Глеб чуть склонил голову, пытаясь заглянуть мне в глаза, нашел их и шепнул:
— Юлька, прости дурака, а. — Я уткнулась лбом ему в плечо и вдохнула запах. Родной, знакомый, что щемит, от него пульсирует жилка на шее. — Ты там плачешь что ль, Юль? А?
— Угу, — подтверждаю я.
Он прижимает меня и гладит по голове.
— Юлька, моя, Юлька. Прости, ну, прости, — целует мне макушку. — Знаешь, и пускай не мой ребенок. И что? Я могу быть отличным отцом. Ты подумай, не отвечай сразу.
Я отстранилась на секунду, постучала себе пальцем по лбу и подавив слезу, выдохнула:
— Дурак что ли, ну какой не твой ребенок?
Эпилог
Сегодня выходной, семейство должно быть в сборе. Никакого плана у меня нет, скорее шла на разведку, действовать буду по обстоятельствам. Я обогнула поселок по широкой дуге и снова вышла к нему в районе их дома. Из-за чертового забора, ни хрена не видать.

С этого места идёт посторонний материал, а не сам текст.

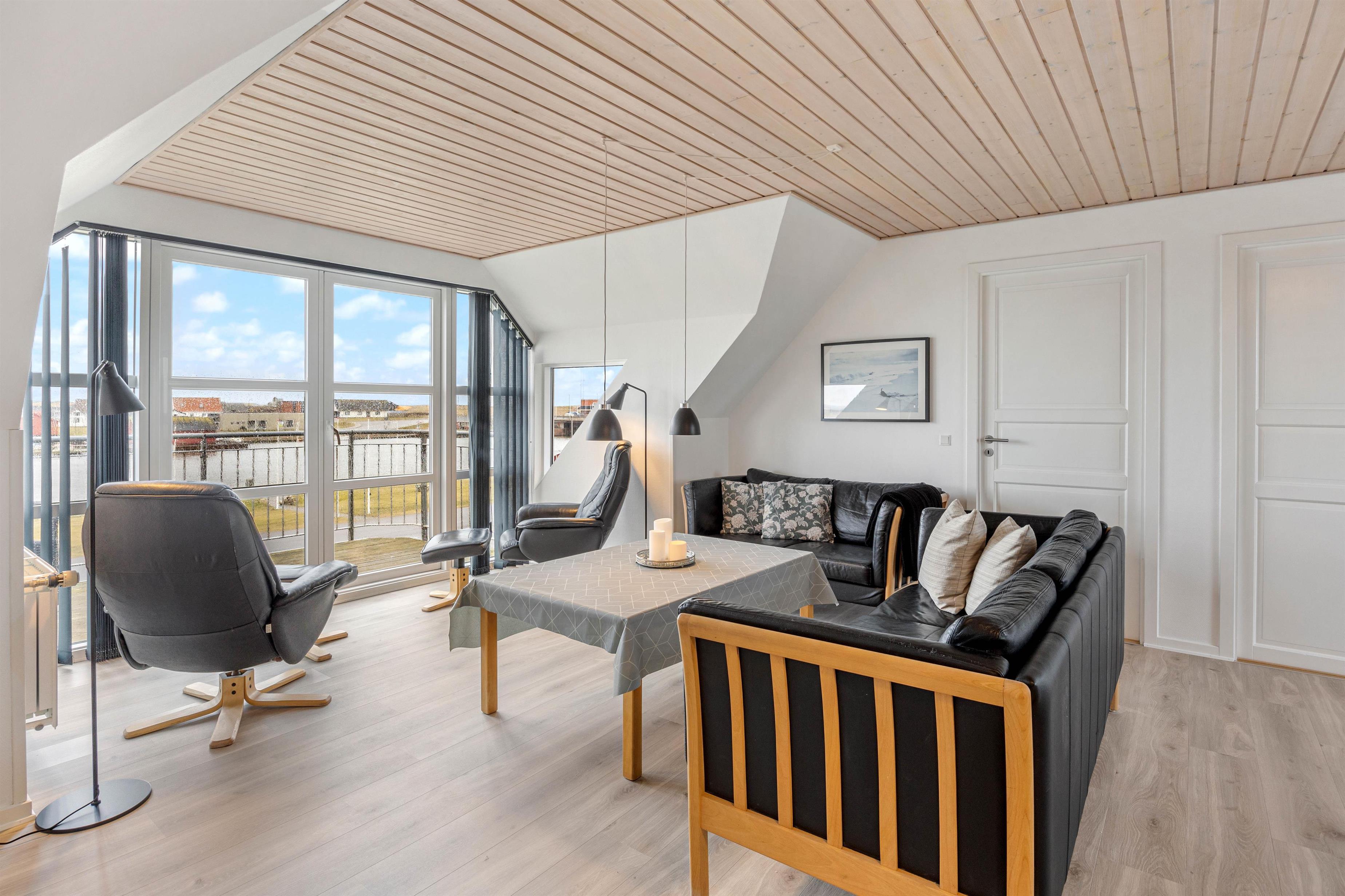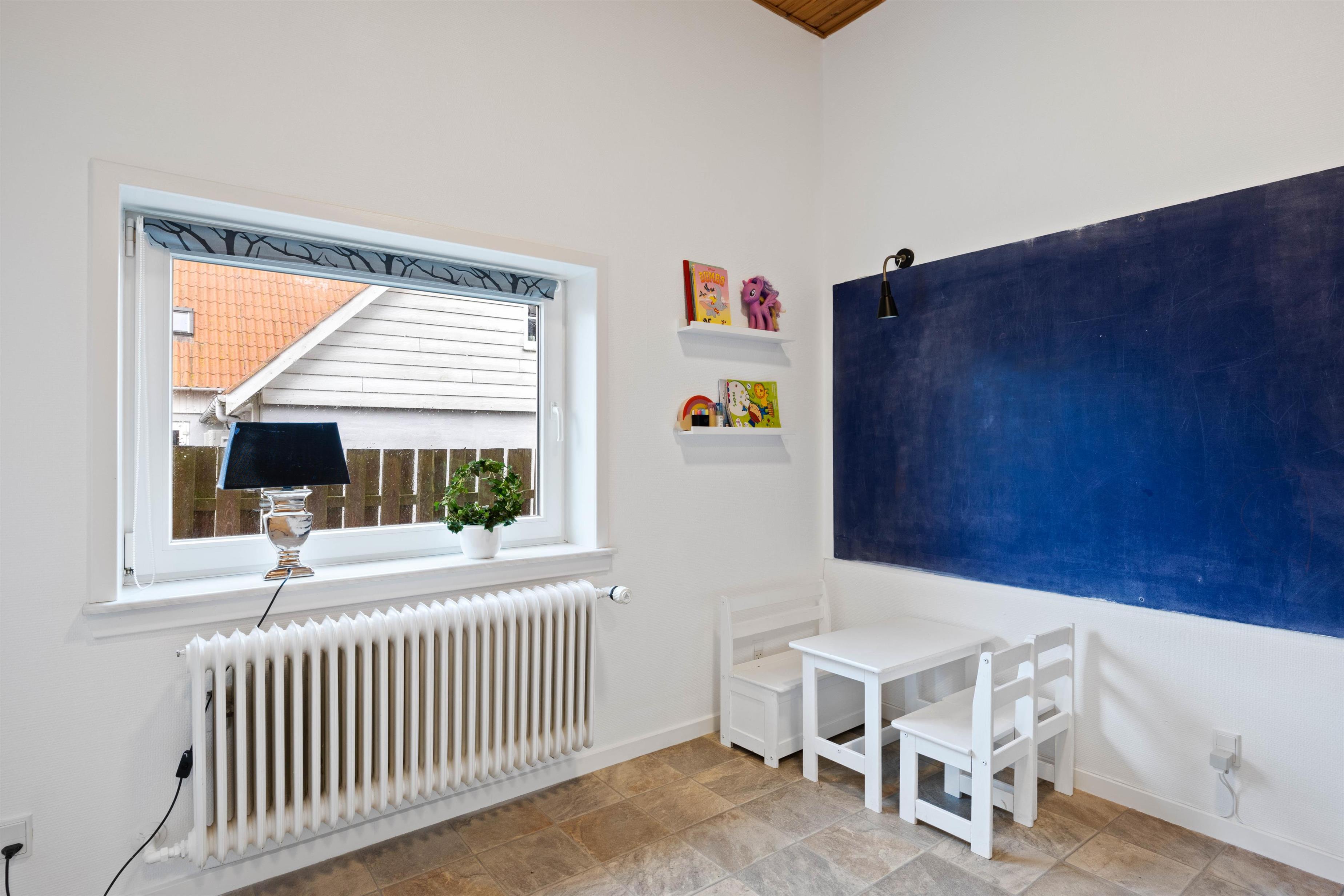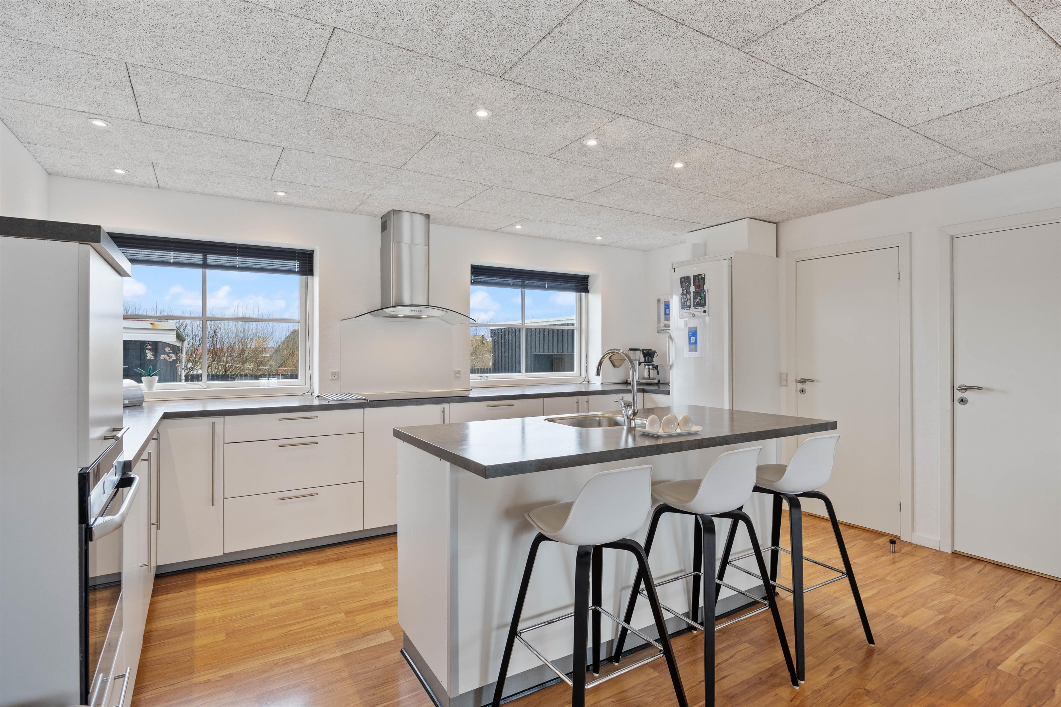 Det lyse og rummelige sommerhus på Skolegade 11 danner rammen for en fantastisk ferie på Vestkysten. Sommerhusets stue og køkken ligger i forlængelse af hinanden, hvorfra nogle af jer har mulighed for at slænge jer i den store sofa eller nyde en kold drink ved kogeøen, imens andre står for madlavningen i det flotte og indbydende køkken. Fra køkkenalrummet kan I nyde den smukke panoramaudsigt ud over kanalen med de forbi sejlende både, og herfra har I yderligere direkte adgang ud til en af terrasserne.
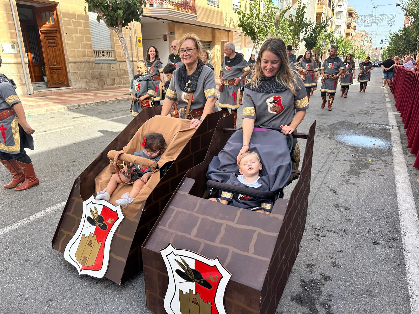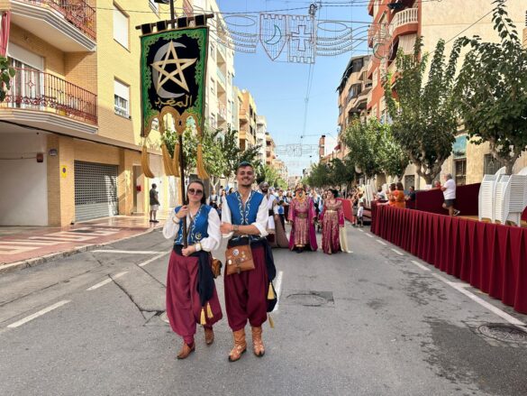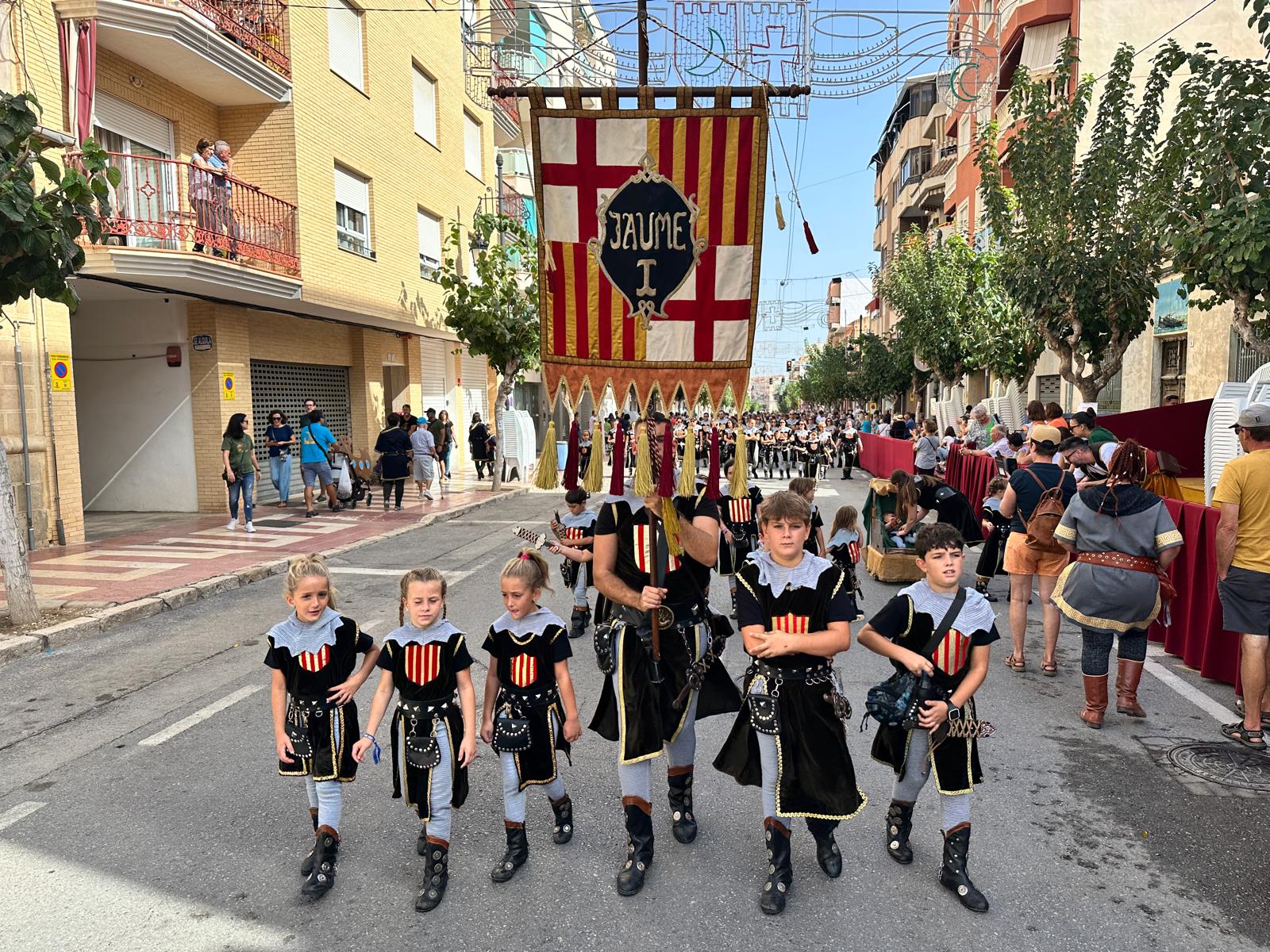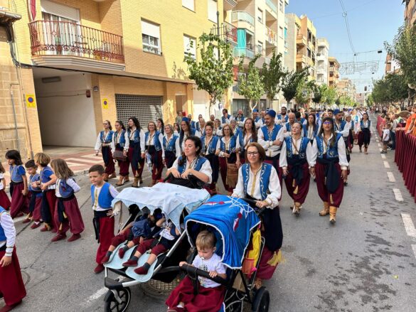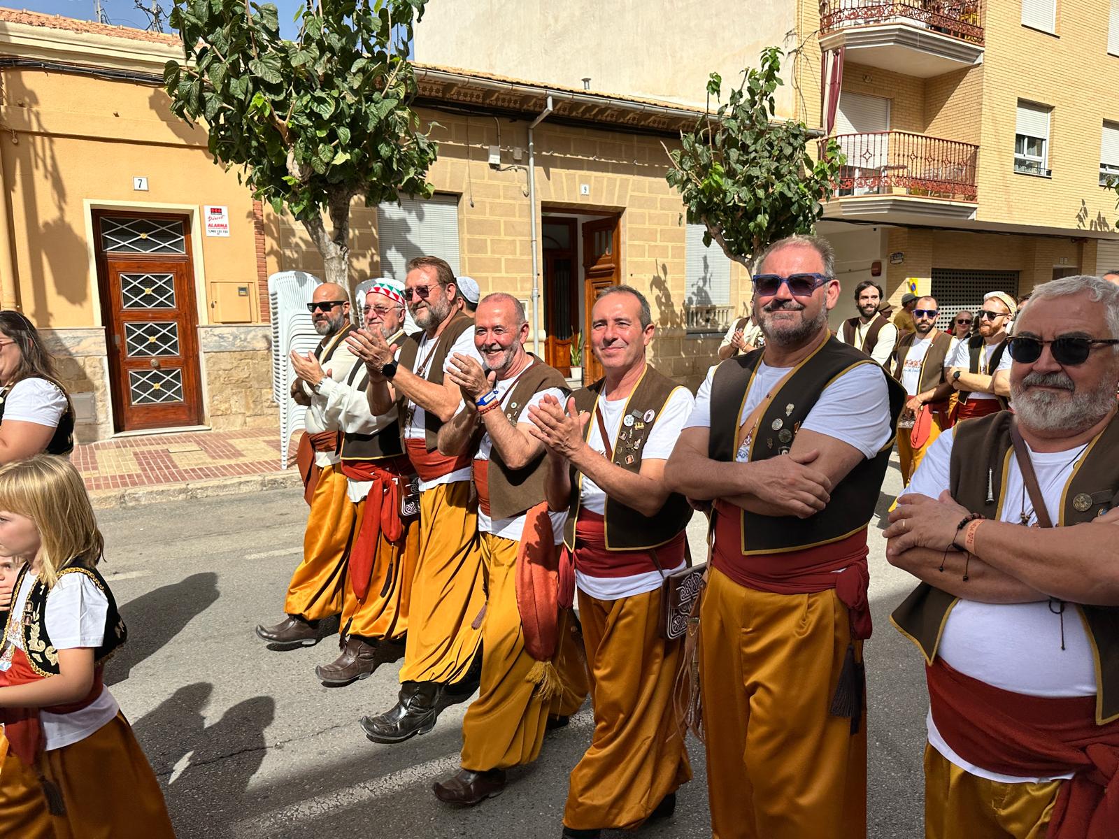 La “entraeta” es uno de los desfiles que más gustan a los festeros de El Campello, porque es un momento de reencuentro, algo más informal y muy divertido. Sin boatos, sin apenas maquillaje y con vestimenta cómoda, todos cubren el recorrido al son de la música que tocan las bandas. Ni siquiera en tribuna hay asientos, salvo para losm8 cargos festeros, que son los primeros en desfilar precisamente para saludar al resto de los participantes.

Осмотрелась, дерево приметила сразу — годится. И ствол, и ветки достаточно крепки. Я схватилась за самую толстую ветвь, подтянулась и забралась. Сила в руках имелась, спасибо колонии. Там хилякам не место — проглотят, пожуют и выплюнут. Детдомовским проще, среда привычнее. «Чистюля» просто об этом не знает. Я забралась ещё выше, достала из рюкзака бинокль и приложилась к нему. Вспомнила Сыроежкина, на чем он там сидел, на березе, кажется? «Электроника» нам гоняли в детдоме раз двадцать, и больше всех мне запомнился этот момент. И обидно было, сука, до слез, за Серегу. Когда весь такой из себя умненький, вылизанный Электроник подменил его на всех фронтах.
Ликуй, радуйся, трезвонь в свою дудку, чистюля. Я тут, я уже рядом.
Такую вылизанную и чистую первый раз её и увидела. Отца вычислила из мамкиных писем. Васька раздобыл мне адрес и помог сбежать из детдома. До вечера просидела в их дворе, голодная. Идут. Отец со своей бабой под ручку, эта коза рядом скачет, мороженое лижет. Юбочка на ней складками, красивая, волосы на макушке подвязаны. На площадку шмыг, а мать ей: «—Юля, через пятнадцать минут ужин».
Села на соседние качели. Я смотрю на неё, слюной исхожу — жрать охота.